Will AGI appear within ten years? Can the next generation Gemini sense the environment? DeepMind CEO Hassabis talks about AI
https://news.miracleplus.com/share_link/20056
“I wouldn’t be surprised if we have AGI-like systems in the next ten years.” Demis Hassabis, co-founder and CEO of Google DeepMind, said recently on the artificial intelligence podcast Dwarkesh Podcast. During the hour-long show, Hassabis shared his thoughts on the nature of intelligence, reinforcement learning, scaling and alignment, AGI, multimodality and other topics.

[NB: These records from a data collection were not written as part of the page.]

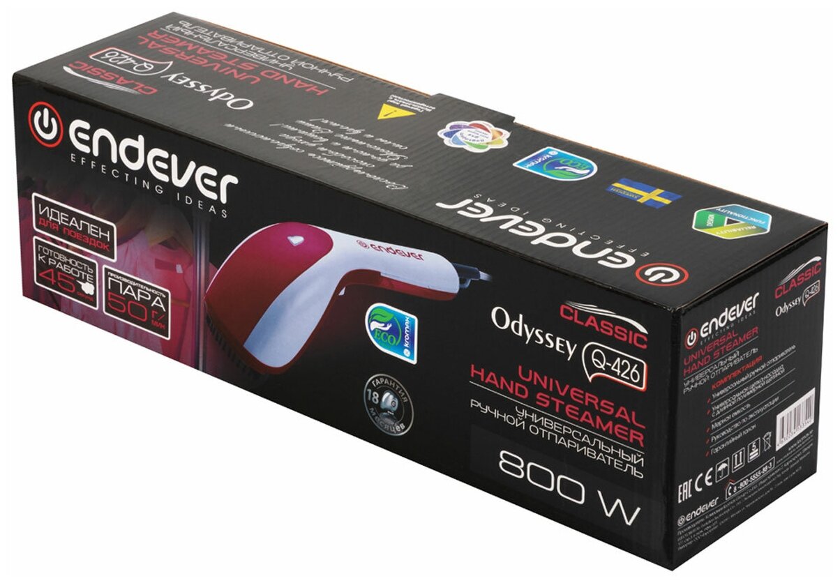 | Прочие особенности и свойства | Не смотря на свою компактность, отпариватель Endever Odyssey Q-426 обладает высокой мощностью 800 Вт, которая позволяет обеспечить постоянную подачу пара – 50 г/мин – для достижения идеального результата на любых типах ткани.,Для удобного глажения одежды больше не нужны громоздкие доски, ведь Q-426 с легкостью отпаривают одежду как в горизонтальном, так и в вертикальном положении. Ухаживать за легким и воздушным платьем из шифона, не снимания его с вешалки, а также разглаживать трудные участки одежды, такие, как воротнички и манжеты - теперь все это можно сделать с помощью ручного отпаривателя Q-426, легких и портативных. В отличие от традиционного утюга, отпариватель Q-426 не даст ткани растянуться, прибавив ей объема и эластичности.,Благодаря специальной продолговатой форме подошвы, а также функциональному расположению паровых отверстий, отпаривание изделий сложного кроя больше не проблема.,Endever Odyssey Q-426 достигает оптимальной температуры работы всего за 45 секунд, а благодаря интуитивно понятному управлению, Вам остается только нажать кнопку подачи пара на ручке устройства.,Визуально контролировать уровень воды в процессе работы позволяет прозрачный дизайн резервуара, объем которого составляет 50 мл. Для удобства заполнения резервуара в комплект входит мерная емкость-стаканчик.,Модель комплектуется удобной насадкой-щеткой, предназначенной для удаления загрязнений и ворсинок.,Endever Odyssey Q-426 компактный и портативный, он с легкостью поместятся в любой чемодан и найдет применение как в домашних условиях, так и в путешествии. А удобная петелька для подвешивания станет приятным бонусом, облегчающим хранение устройства. |
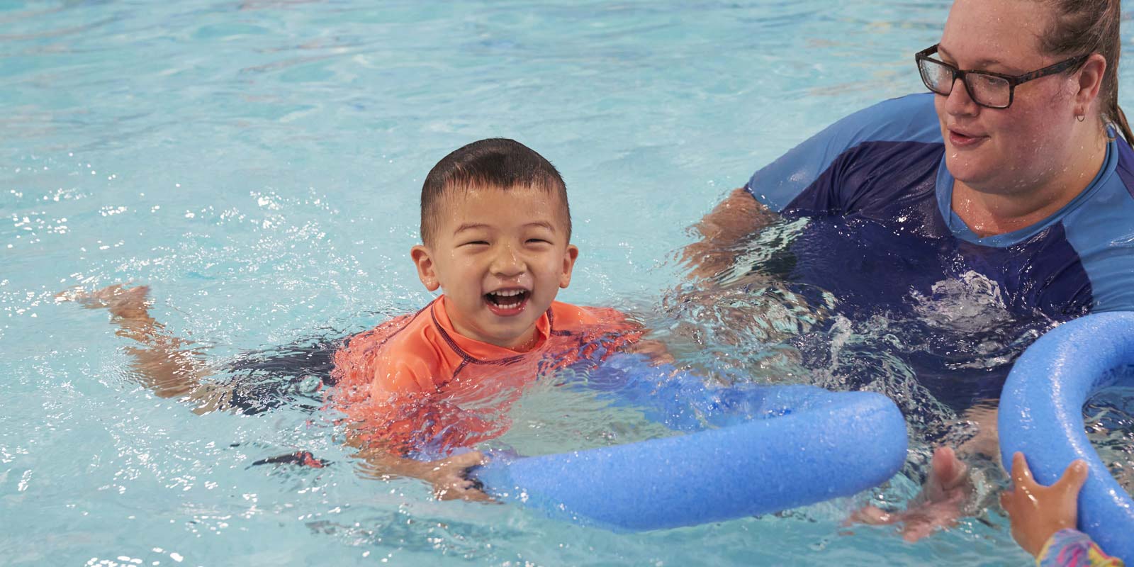 - Safety: We spend a significant amount of time teaching safety skills to equip your child with the tools to be safe in and around the water. The primary skill we teach is what to do when if they fall in off the side of the pool, how to turn around, swim back, reach up, and grab the side of the pool.
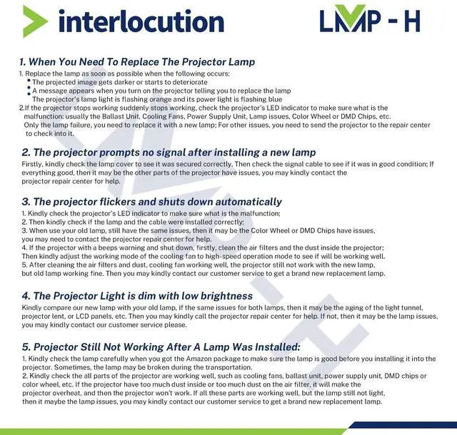 • LMP-H projectors' bulbs are made of the highest quality materials and have the same functions as your original bulbs. They are perfectly matched and compatible with your projector
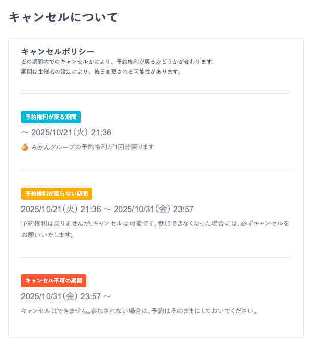 「予約権利が戻る期間」にキャンセル頂きますと、予約権利が戻り再度他のイベントを予約可能になります。
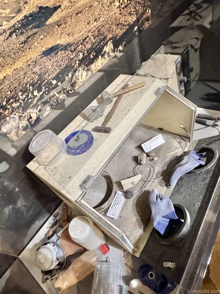 液浸標本を袋越しに触れるコーナーもあり、ワニを触れる…すごい…恐竜だ…

NVIDIA Jensen Huang: AI will pass any test in five years
https://news.miracleplus.com/share_link/20057
On Friday (March 1), Eastern Time, Nvidia CEO Jensen Huang said at the Stanford Institute for Economic Policy Summit in California that he expects general artificial intelligence (AGI) to be available as soon as five years. General artificial intelligence (AGI), also known as “strong artificial intelligence”, is a theoretical form of artificial intelligence, which refers to artificial intelligence that can learn and reason like humans, and has the potential to solve complex problems and make decisions independently. Since there is still no generally accepted definition of human intelligence, scientists in different fields have different definitions and standards for general artificial intelligence.
MWC2024, let’s see how outrageous the manufacturer’s new products can be!
https://news.miracleplus.com/share_link/20058
The Mobile World Congress (MWC) held in Barcelona has always been the place to showcase the latest and most advanced mobile technologies to the world. The theme of this conference is “VELOCITY”. Operators, mobile phone manufacturers and technology manufacturers from all over the world actively participate in the exhibition. Artificial intelligence dominates the release of most major innovative products, and the focus of the conference is on the development of AI and smartphones. combine. Many smartphone manufacturers point out that the artificial intelligence running on the device improves the security of the device, unlocks new applications, and is faster because the data processing is done on the phone. In this regard, CCS Insight chief analyst Ben Wood also said, “I think a big news at MWC will be the ability of large AI models to run on the device itself, which will very likely change the rules of the game.”